Monday, January 13, 2014, 2:00 to 3:00 pm, room F107, INRIA Montbonnot

Seminar by Sileye Ba, RN3D Innovation Lab, Marseille


During these last years researchers have conducted research about complex scene perception. Studying the perception scenes require modelling multiple interacting variables. Computer vision and machine learning have led to significant advances with models integrating multimodal observations (images, audio, depth…). An advantage of using observations issued from imaging sensors is they allow to acquire small scale observations from recording devices such as webcams (e.g. Meeting data recordings, videoconferences data) or large scale observations acquired from satellite imaging sensors (e.g. Geophysical variables, ocean surface temperatures and currents). In this talk we present investigations we have conducted about dynamic interacting variables modelling based on observations from webcams and satellite observations.

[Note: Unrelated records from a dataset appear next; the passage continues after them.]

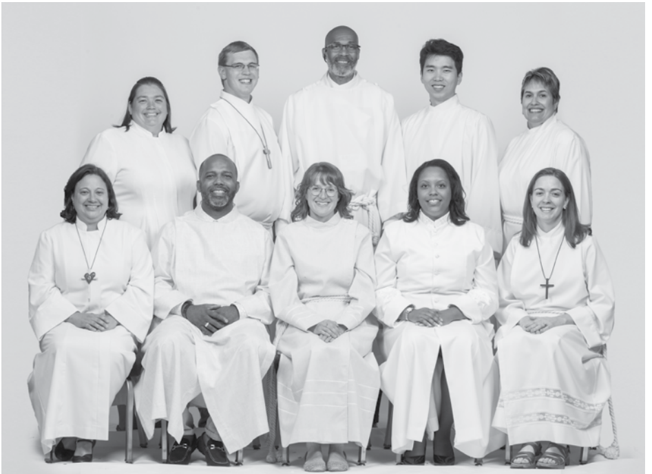
Commissioned Class of 2017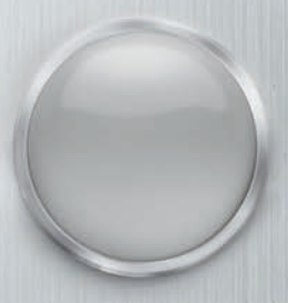
SILKY SILVER (LX, S, EX) YOU NOTICE THE SUBTLE IRONIES IN LIFE. NOTHING IS EVER BLACK AND WHITE TO YOU.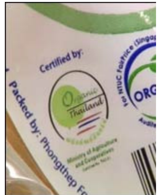
Photos 2 o Organic produce certification label

The outlet is the second FairPrice Finest store, a new retail concept started by the labour m bring quality food products at affordable prices to Singaporeans.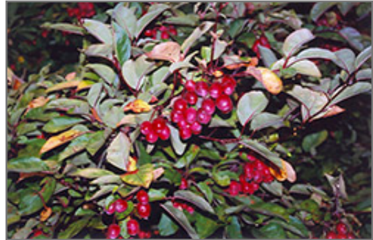
Adams Flowering Crab fruit

* This is a 'special order' plant - contact store for details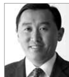
Arthur C. Yap

Minister for Economic Cooperation and Development of the Federal Republic of Germany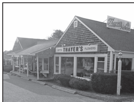
South Harwich $89,000

Florist business for sale w/lease of shop or lease/purchase option. Many options - call for details.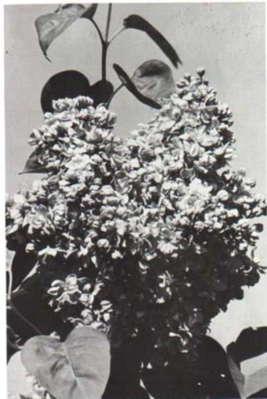
Fig. 49. The Common Lilac, long a favorite in Michigan gardens, is available in a great many varieties.

FLOWERS—Dense, rather broad panicles of lilac-pink flowers appear in early May; this is the earliest of the Lilacs to bloom.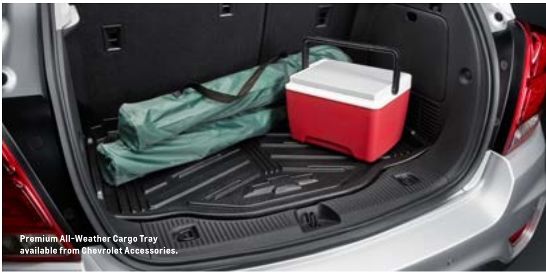
Premium All-Weather Cargo Tray available from Chevrolet Accessories.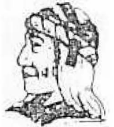
UGHWA GENOLUH TATENE

Because of the help of this Oneida Chief in cementing a friendship between the six nations and the Colony of Pennsylvania, a new nation, the United States was made possible.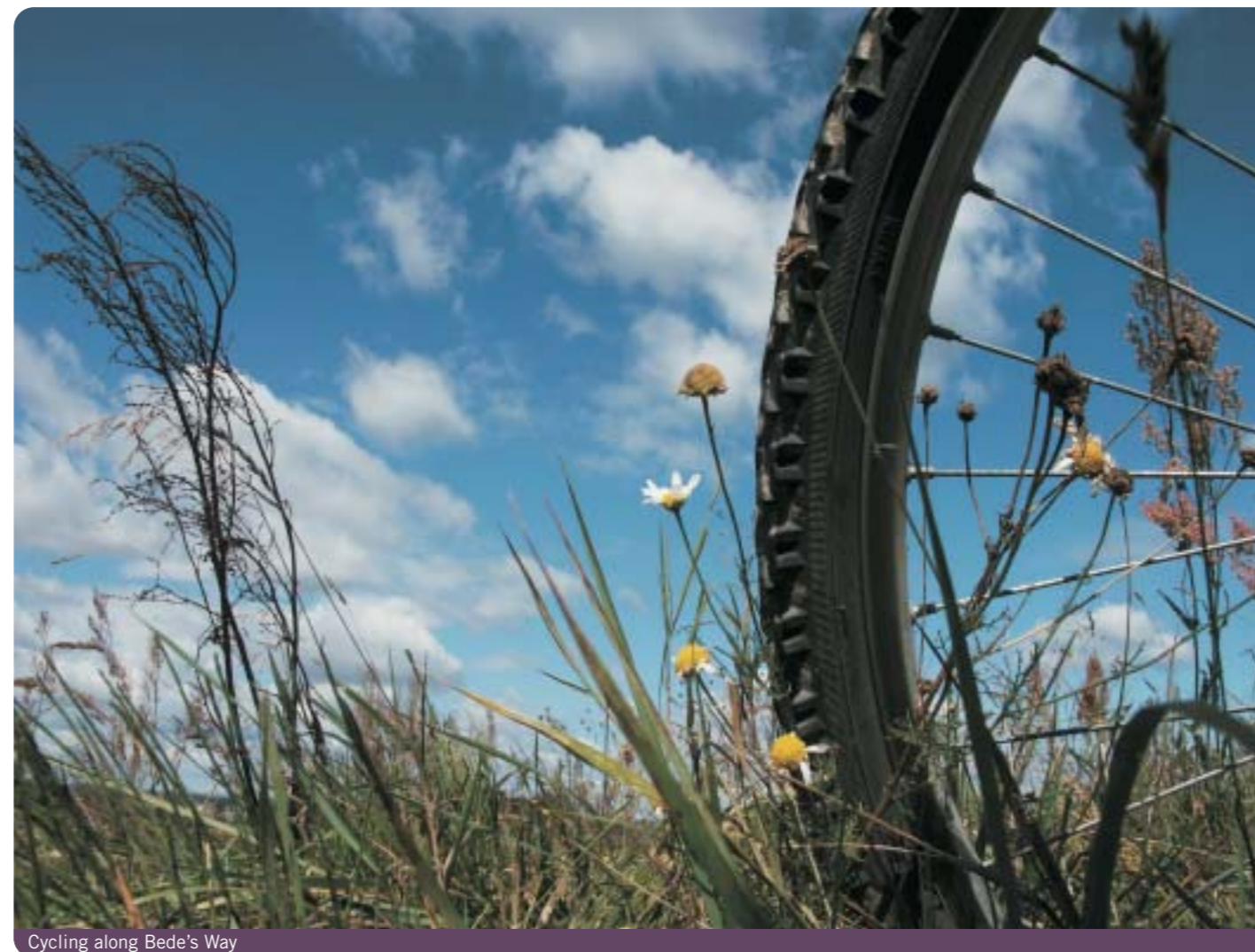
Cycling along Bede's Way

To explore our countryside, coast and culture visit the Great North Forest.

In the first part of the talk, we present a Bayesian model for multi person visual focus of attention and conversational event estimation in meetings using head pose observation and audio-visual contextual information. Instead recognizing individually the visual focus of attention for each meeting participant, we propose to jointly estimate the VFOA of all meeting participants in order to introduce interaction models related to group activities and conversation social dynamics. Meeting contextual information are introduced through conversational events  identifying people involved in conversations, and the projection screen activity during which affects people temporal VFOA dynamics during presentations. As interaction model, we introduced a dynamic Bayesian network which has VFOA and conversational events as hidden variables. As observations, we use people’s head orientations, speaking statuses, and the projection screen activity. 

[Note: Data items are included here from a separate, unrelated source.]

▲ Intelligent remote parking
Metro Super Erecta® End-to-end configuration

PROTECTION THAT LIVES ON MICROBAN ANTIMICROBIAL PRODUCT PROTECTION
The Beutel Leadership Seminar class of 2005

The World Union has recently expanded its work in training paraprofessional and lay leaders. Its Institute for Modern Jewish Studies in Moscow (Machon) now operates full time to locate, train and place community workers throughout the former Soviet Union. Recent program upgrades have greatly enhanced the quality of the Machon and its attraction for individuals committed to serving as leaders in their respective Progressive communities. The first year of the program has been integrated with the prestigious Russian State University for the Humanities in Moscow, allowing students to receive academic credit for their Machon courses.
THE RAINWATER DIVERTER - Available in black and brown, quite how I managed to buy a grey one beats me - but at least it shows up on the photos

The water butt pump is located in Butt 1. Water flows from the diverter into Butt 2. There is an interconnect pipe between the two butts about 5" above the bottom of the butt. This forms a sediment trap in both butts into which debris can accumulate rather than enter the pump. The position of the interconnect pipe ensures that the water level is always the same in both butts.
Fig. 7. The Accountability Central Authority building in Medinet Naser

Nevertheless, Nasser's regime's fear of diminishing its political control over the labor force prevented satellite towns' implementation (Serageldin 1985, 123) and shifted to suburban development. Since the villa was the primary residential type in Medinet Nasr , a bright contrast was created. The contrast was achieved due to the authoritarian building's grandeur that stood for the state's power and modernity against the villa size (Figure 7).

In the second part of the talk, we present a variational data assimilation model for interacting dynamic geophysical variable estimation. Satellite imaging allows, when using multimodal sensors (infrared, optics, radar), an acquisition of global scale ocean parameters observations (sea surface temperature, ocean altimetry, and ocean surface chlorophyll concentration). According to the acquisition sensors, observations comprise spatially or temporally missing data. We conducted research about the estimation of sea surface temperature, sea surface chlorophyll, and ocean current estimation. Multi-scale spatio-temporal geophysical variable interactions are explicitly introduced in the variational data assimilation model during the reconstruction process.

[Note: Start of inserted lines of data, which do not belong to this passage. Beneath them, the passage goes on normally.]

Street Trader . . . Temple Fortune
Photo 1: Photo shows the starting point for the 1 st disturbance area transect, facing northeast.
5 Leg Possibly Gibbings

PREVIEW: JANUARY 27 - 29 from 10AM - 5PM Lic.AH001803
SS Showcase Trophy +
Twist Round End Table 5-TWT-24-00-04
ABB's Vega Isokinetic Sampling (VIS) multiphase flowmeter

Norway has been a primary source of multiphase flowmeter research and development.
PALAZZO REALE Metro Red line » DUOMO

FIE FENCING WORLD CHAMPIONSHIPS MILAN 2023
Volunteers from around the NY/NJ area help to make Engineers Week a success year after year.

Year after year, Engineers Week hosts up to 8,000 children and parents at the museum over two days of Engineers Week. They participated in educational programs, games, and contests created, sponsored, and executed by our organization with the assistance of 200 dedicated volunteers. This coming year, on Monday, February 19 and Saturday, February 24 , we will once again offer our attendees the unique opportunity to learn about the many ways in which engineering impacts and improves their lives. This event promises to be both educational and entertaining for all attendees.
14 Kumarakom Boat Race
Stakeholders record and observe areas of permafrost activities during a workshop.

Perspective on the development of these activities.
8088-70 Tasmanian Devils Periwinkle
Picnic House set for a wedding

Short bio: In 2002 Sileye Ba obtained a Master degree in mathematics, computer vision, and machine learning from Ecole Normale Superieure de Cachan in Paris. From September 2003 to April 2009, as a Phd student of IDIAP Research Institute with an affiliation to Ecole Polytechnique Federale de Lausanne (Switzerland) and a postdoctoral researcher of IDIAP Research the same institute, he worked on probabilistic methods for head pose tracking and human behaviour recognition from audio video data. From May 2009 to February 2013, he was as a postdoctoral researcher in the Signal and Communications Department of Telecom Bretagne in Brest (France) working on variational data assimilation methods for dynamic multi-modal ocean geophysical  variables modelling from multi modal satellite image sequences. Since March 2013, as a research and development engineer at RN3D Innovation Lab, in Marseille (France), he works on computer vision and machine learning methods for near infrared image sequence analysis.